After the film, I didn’t entirely know what to think so I asked the Lord what He thought.  The Lord said, “It was tragic for everyone involved.”  That is how I’ve decided to view the events of the Whitman mission: one of many sad acts in the theater of this fallen world.

Whenever human behavior leaves a trail of wreckage, we want to assign blame.  This is a natural but mixed instinct.  There is something of a desire for justice in it.  We want to set things right by finding out who’s wrong.  The other side is a desire to deflect blame, to make someone else the focus of all sinfulness, including our own.  This is no surprise; after violating God’s command in the garden of Eden, the very next thing Adam and Eve did was play the blame game (Gen. 3:12-13).  Blaming is as much a part of the fallen world as disease and murder.
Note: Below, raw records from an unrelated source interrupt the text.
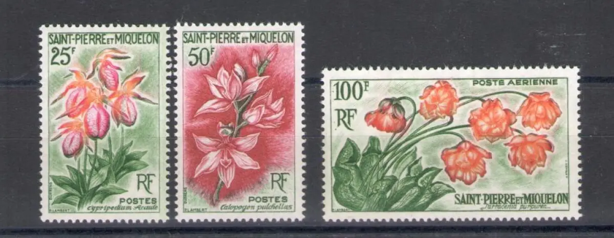 1962 Saint Pierre et Miquelon, Blumen - Yvert Nr. 362-63 + Luftpost 27 - 3 Werte - postfrisch **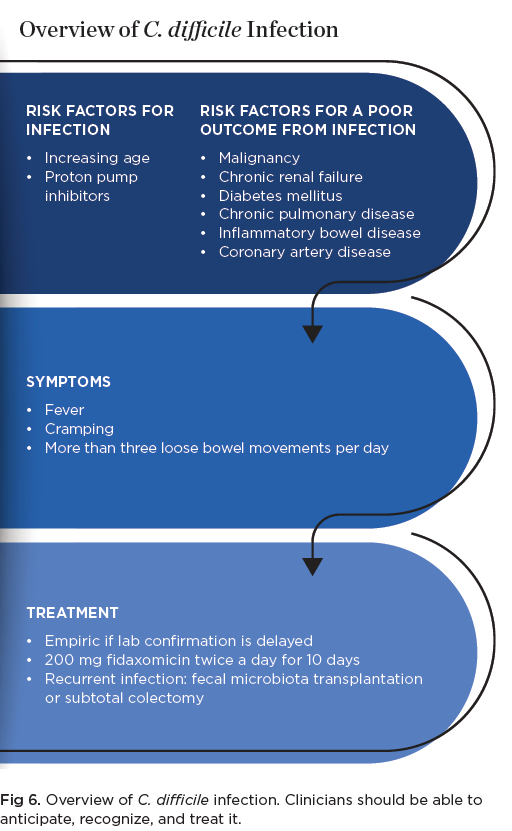 C. difficile is a gram-positive, anaerobic, spore-forming bacillus that produces toxins that cause colitis. C. difficile superinfections develop when oral antibiotics wipe out protective gastrointestinal flora, resulting in overgrowth of C. difficile within the intestines. Recent data from the Centers for Disease Control and Prevention reports that about 500,000 cases of C. difficile in fection are diagnosed in the United States annually, 41% of which are acquired from the community rather than nosocomially. Infection-related mortality for C. difficile infection has been reported between 0.8% and 5%.9,15,16 The most significant risk factor for C. difficile infection is antibiotic use. Studies on C. difficile in recent years have focused on elucidating which antibiotics are most likely to cause this life-threatening infection.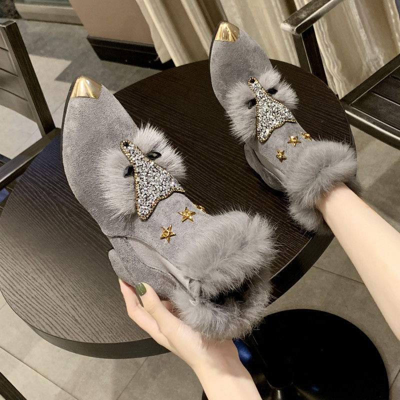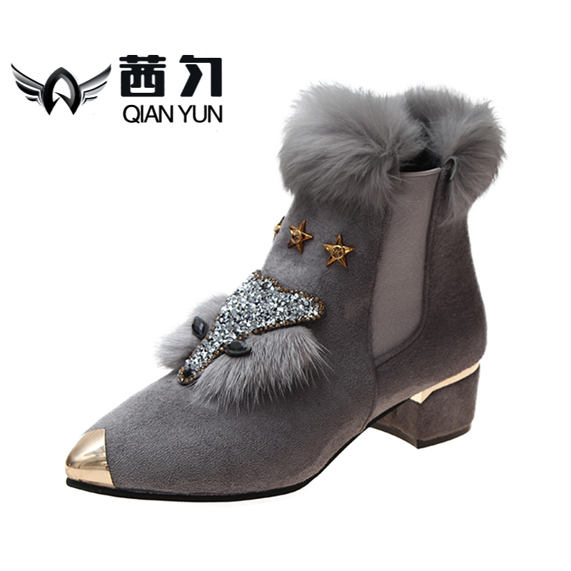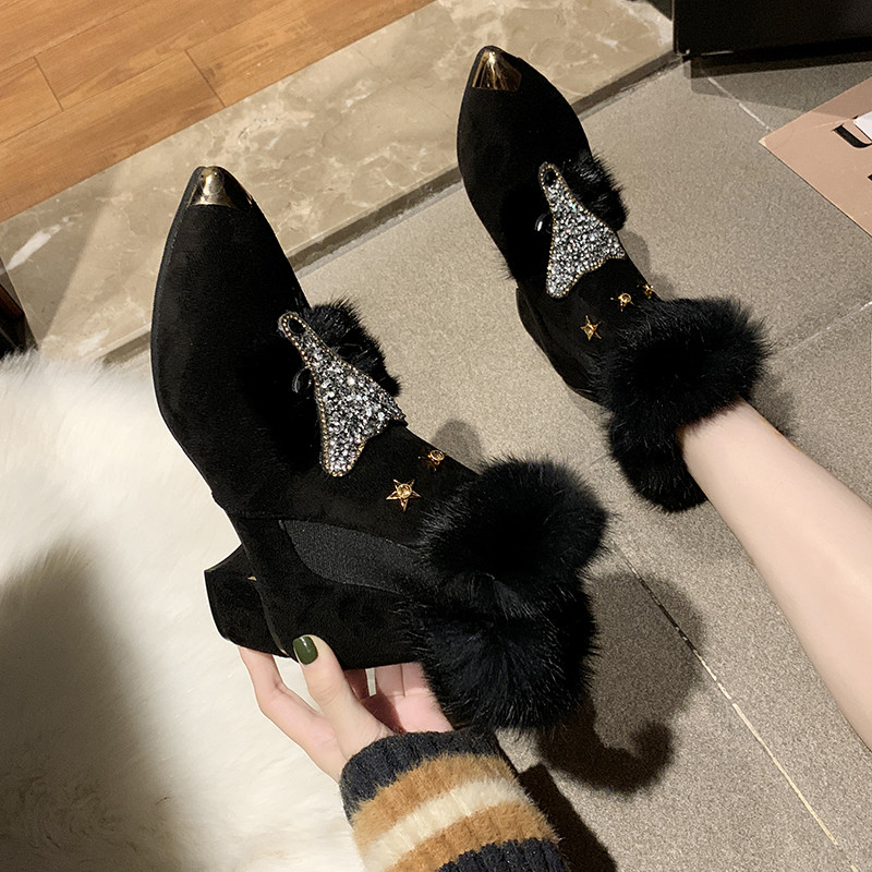 Утепленная обувь, туфли на высоком каблуке с заостренным носом, короткие сапоги, европейский стиль

The blame game is a favorite pastime of society today.  Everyday some new grief saddens, shocks, or angers people.  My wife and I talk about the lynch mob mentality that grips social media all to often.  I’m glad the torches and pitchforks are virtual, but the indignation is all too real.

God is love and showed His love when Jesus laid down His life for us (1 John 3:16, 4:16).  One reason Jesus died was to atone for or cover our sins (1 John 4:10).  In other words, Jesus took the blame we deserved.  What a contrast Christ is to everything we are.